Sí, me refiero a Lamine Yamal y Nico Williams. Como sus padres y madres, los nuestros formaron sus familias en otras ciudades, en otros países, y sus hijos e hijas tuvieron que luchar contra el estigma del inmigrante. Del español que iba a robarles el trabajo y a conseguir paguitas. Que entraba de manera ilegal, sí, sin papeles y con maletas que se cerraban en cuanto recibían la llamada de Vente para Alemania, Pepe, que aquí hay trabajo. Parece un pasado lejano, ajeno, pero es el nuestro.
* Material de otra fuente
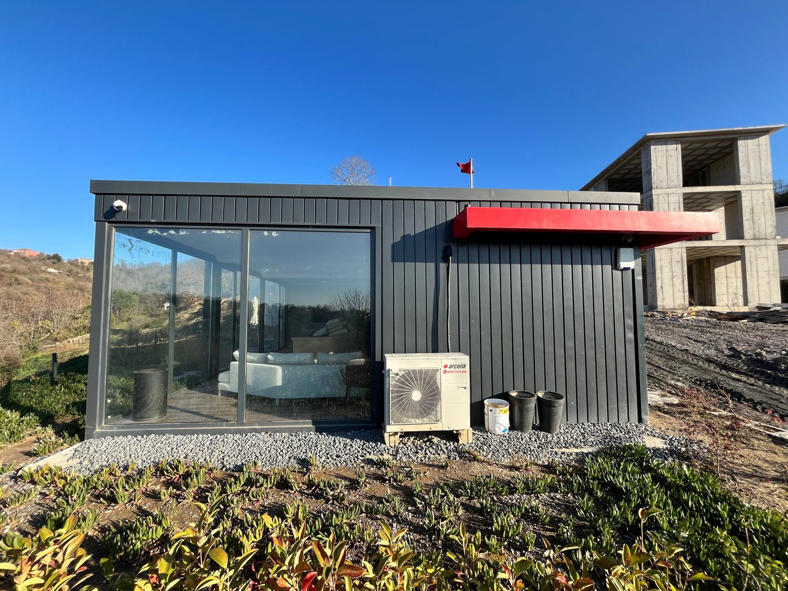 The structure, built with light steel construction, stands out with its earthquake resistance and long life, as well as its aesthetic and functional design. Thanks to its advanced insulation features, energy saving and interior comfort are provided throughout all four seasons. Designed in VIP standards, the office offers modern and comfortable areas in order to best support project management and operation processes. This project is a successful work reflecting Pramo Prefabrik’s high quality approach and customer-oriented service.

Ese que la ideología ultra nos quiere extirpar de la memoria. 

“Esa es tu opinión”, responderán muchos mientras resuenan las palabras de José Antonio Marina en el Festival de las Ideas y la Cultura que celebró elDiario.es en Barcelona, donde sorprendió al público cuando afirmó que “no todas las opiniones son respetables, lo que es respetable es el derecho a exponer tu opinión sin que haya una inquisición”. El filósofo argumentó que la respetabilidad de las opiniones, depende del contenido de las mismas, entroncando con la paradoja de la tolerancia desarrollada por el nada sospechoso de izquierdista Karl Popper, con quien no comparto la crítica al historicismo marxista expuesto en La sociedad abierta y sus enemigos, pero sí la defensa de la democracia.

La tolerancia ilimitada conduce irremediablemente a la desaparición de la tolerancia. Ser tolerantes con los intolerantes, con quienes niegan la violencia machista, la diversidad, los derechos humanos. Blanquear los discursos de odio. Justificar a quienes asesinan a sus parejas e hijos, exculpar a quienes violan en manada, amenazan con convertir homosexuales en heterosexuales a hostias, vinculan inmigración y delincuencia es el gran peligro que nos acecha.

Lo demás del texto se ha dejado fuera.